Architectural decisions the numbers locked in

• Fenwick-tree variable-size cache. prefixSum / indexAtOffset / set all in O(log n). Linear scans were measurably worse at 10 k+ items in early prototypes; the tree paid for itself.
• Transform-only positioning. Items render at transform: translate3d(0, y, 0) rather than re-layouting on scroll. Composite-only updates per frame.
• Keyed v-for over the visible range, no recycling pool. Vue's diff turned out faster than a stable pool for typical slot content in benchmarks. Heavy custom renderers (charts, video) might benefit; the surface accepts a custom recycling pool when needed.
• rAF-throttled drag. Pointermove batches into a single rAF tick; multiple moves between frames coalesce. Auto-scroll velocity is computed in a pure function (computeAutoScrollVelocity) and applied to scrollTop / scrollLeft per tick.

Known accessibility gap — drop announcements

The calendar ships full keyboard-driven drag (Tab to focus, arrow keys to move, Shift + arrow to resize, Enter to confirm, Escape to cancel), but non-sighted users currently get no audible confirmation that a drop landed. Sighted users see the event jump to the new slot; screen-reader users hear nothing.

This is a known gap, not by-design. An earlier internal implementation had a polite-live-region announcement that read e.g. "Daily Standup moved to Monday, 15. Juni 2026, 09:00" after each drop. The plumbing was lost during a reactivity refactor (the shell- level handler that prepended the announcement before forwarding to state.onEventDrop was bypassed when sub-views started reading state.onEventDrop directly per the C7 read-on-every-call contract), and shipping it cleanly requires plumbing the announcer into the single drop pipeline (useCalendarDnd) so every drop path — mouse, touch, keyboard — surfaces it once.

Estimated effort: 1 – 2 h. Tracked as a post-launch a11y task.

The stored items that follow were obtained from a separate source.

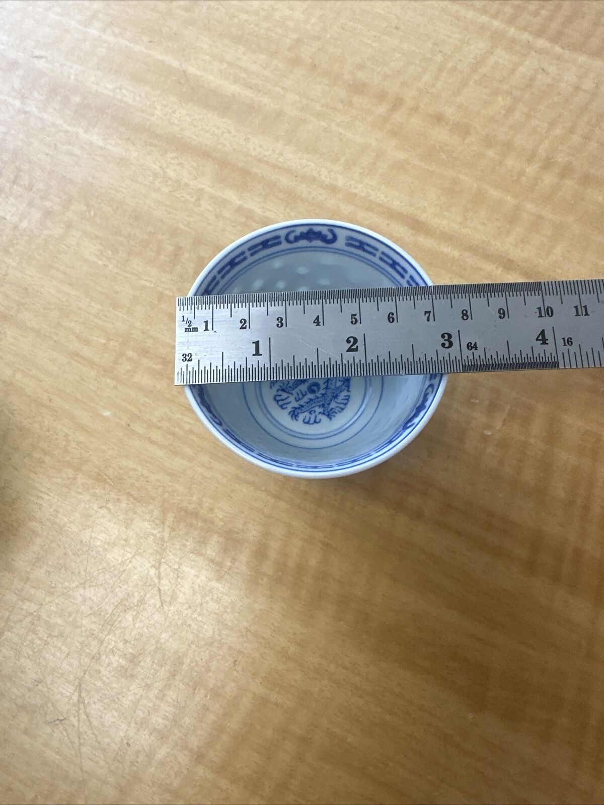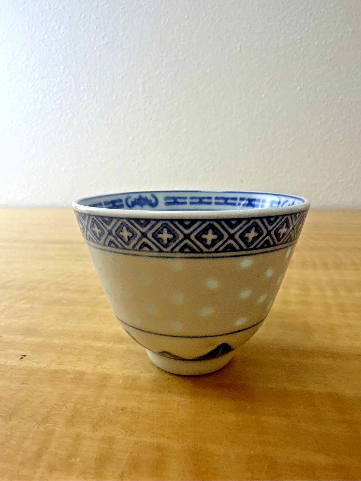 Vintage Chinese Rice Eyes Tea/Sake Cups 1 Each Rice Grain 2.5” Tall Blue White
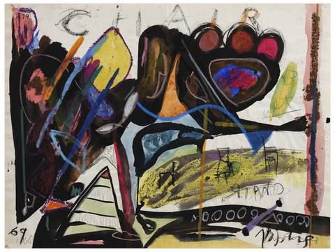 rgba(255,255,255,1) Norris EmbryChair, 1968-69Signé 'Norris' (en bas à droite), daté '69-1968' (en bas à gauche) encre, aquarelle, pastel gras et graphite sur papier 45.5 x 60.5 cm. Inscription: 'CHAIR / Balt'
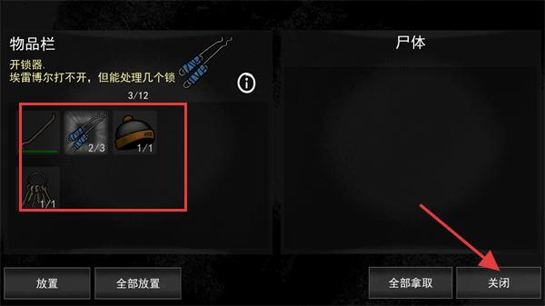 2、打開物品欄,查看已收集的道具(如開鎖器),確認道具數量后點擊“關閉”,回到場景界面。
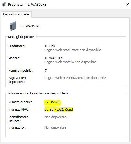 numero di serie palesemente inventato, e il mac address invece che corrisponde, facendo un mac address lookup su internet, effettivamente a un dispositivo tp-link.
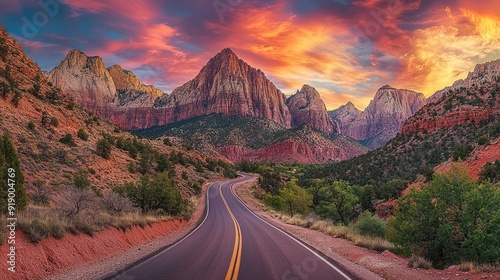 road, canyon, sunset, mountain, sky, cloud, red, rock, cliff, desert, landscape, nature, scenic, travel, adventure, outdoors, scenery, horizon, dusk, evening, light, colours, picturesque, beautiful, majestic, awe, inspiring, huge, wilderness, national, park, america, utah, zion, national park, highway, asphalt, curve, yellow, line, tree, bush, foliage, vegetation, ground, dirt, gravel
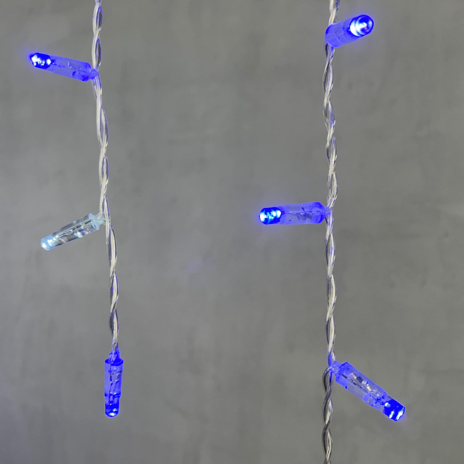 Гирлянда Бахрома с Колпачком 4,9 x 0,5 м Синяя с Мерцанием Белого Диода 220В, 195 LED, Провод Прозрачный ПВХ, IP65
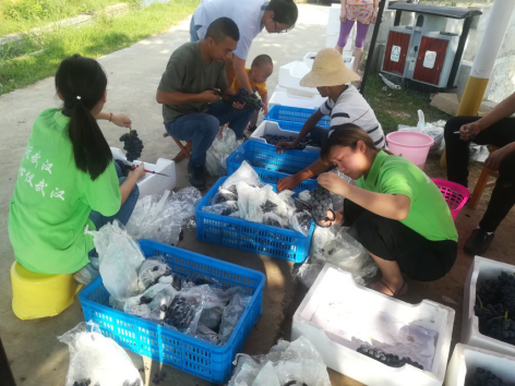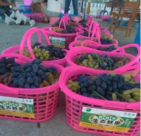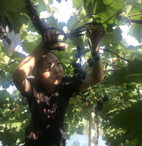 接下来的每一天都很充实。一进葡萄园区便看到一大片一大片绿油油的葡萄树贪婪的吸收着阳光,努力的储存着糖份,等待着主人的青睐。没有游客的时候我们就一边学着修剪着葡萄一边听果农跟我们介绍哪些是“夏黑”、“腾云”哪些是“红布拉多”它们都有什么区别等等。周末游客密集的到来,我们个个都成了销售能手,给他们介绍葡萄的种类和特色,引导他们采摘,需求量大的时候,我们还要要分头进行采摘、修剪、包装等等。汗珠从额头流进脖子,衣服也早已汗湿,园子里各种蚊虫不停的向我们发起进攻,腰酸背痛已经被我们忽略,终于筐子堆满了葡萄,我们完成了任务回到凉棚。看着仍然在地里劳作的果农们,这一刻是真正的了解到农民的不易,他们是怎么度过一个又一个的夏天在地里耕耘着。
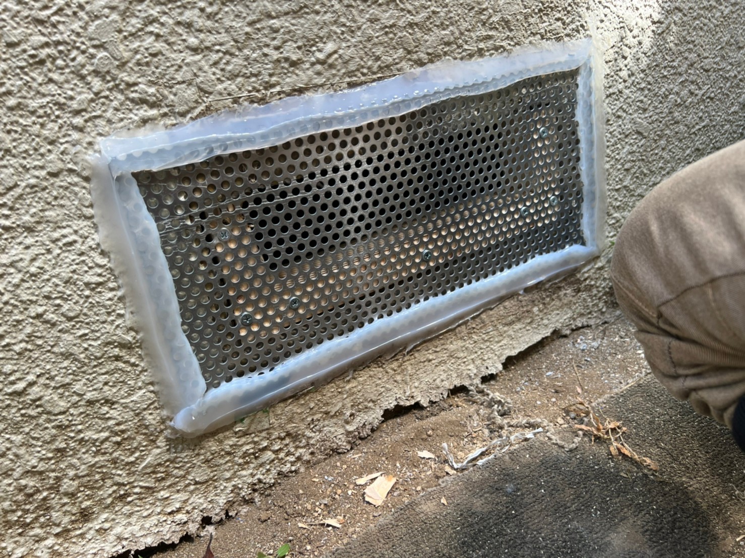 床下通風口や屋根の隙間、エアコン配管の隙間といった場所から、ネズミが建物内へ侵入しており、騒音被害や糞尿による悪臭、ノミ・ダニ被害などの理由からお問い合わせをいただきました。
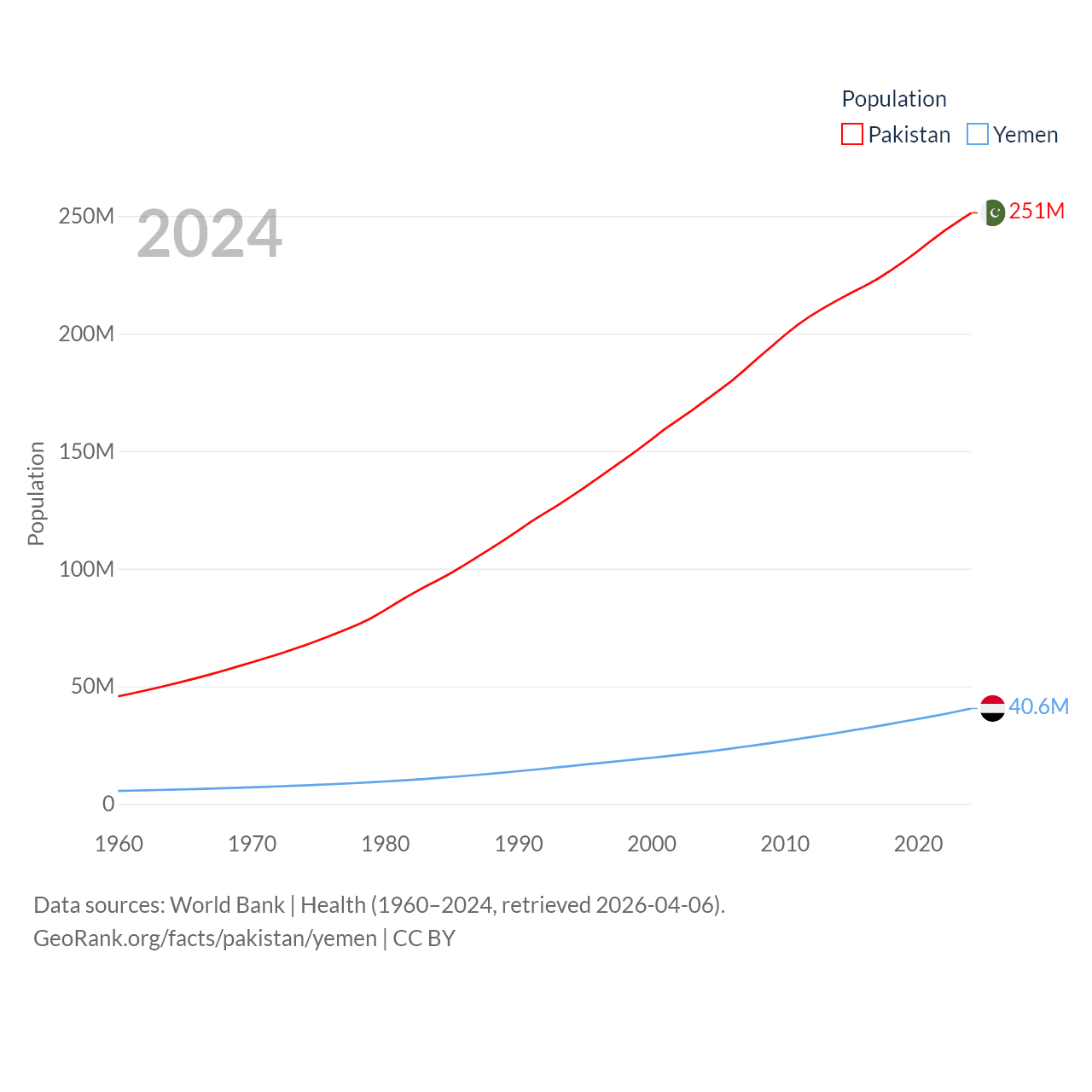 Pakistan has a population of 251M (ranked 5/197), compared with 40.6M in Yemen (ranked 38/197). Pakistan's land area is 297,638 sq mi versus 203,850 sq mi for Yemen (ranked 35th vs. 49th).

Until then, consumers who need this can wire their own announcement inside onEventDrop:

import { useA11yAnnouncer } from '@cocoar/vue-calendar';

const announcer = useA11yAnnouncer();
builder.onEventDrop(({ event, next }) => {
  const title = (event.meta as { title?: string })?.title ?? event.id;
  announcer.announce(`${title} moved to ${next.start.toString()}`);
  // …persist the change
});

Reproduce locally

A manual smoke test surface ships with the playground:

pnpm --filter @cocoar/playground dev
# open http://localhost:5188/calendar-perf-bench

Pick 100 / 500 / 1 000 / 2 500 events from the segmented control, drag, switch view, wheel-scroll. Generation-ms, in-data count, and visible-window count are surfaced in the toolbar so you can sanity-check the workload at a glance.

For automated perf gating (run the same scripted scenarios against a production build under Playwright + Chromium DevTools), wire up your own LoAF observer using the same approach documented in the Long Animation Frame API spec. The patterns from this page (scripted drag-and-hold, mixed-direction wheel, bottom-jump) are a good starting fixture set.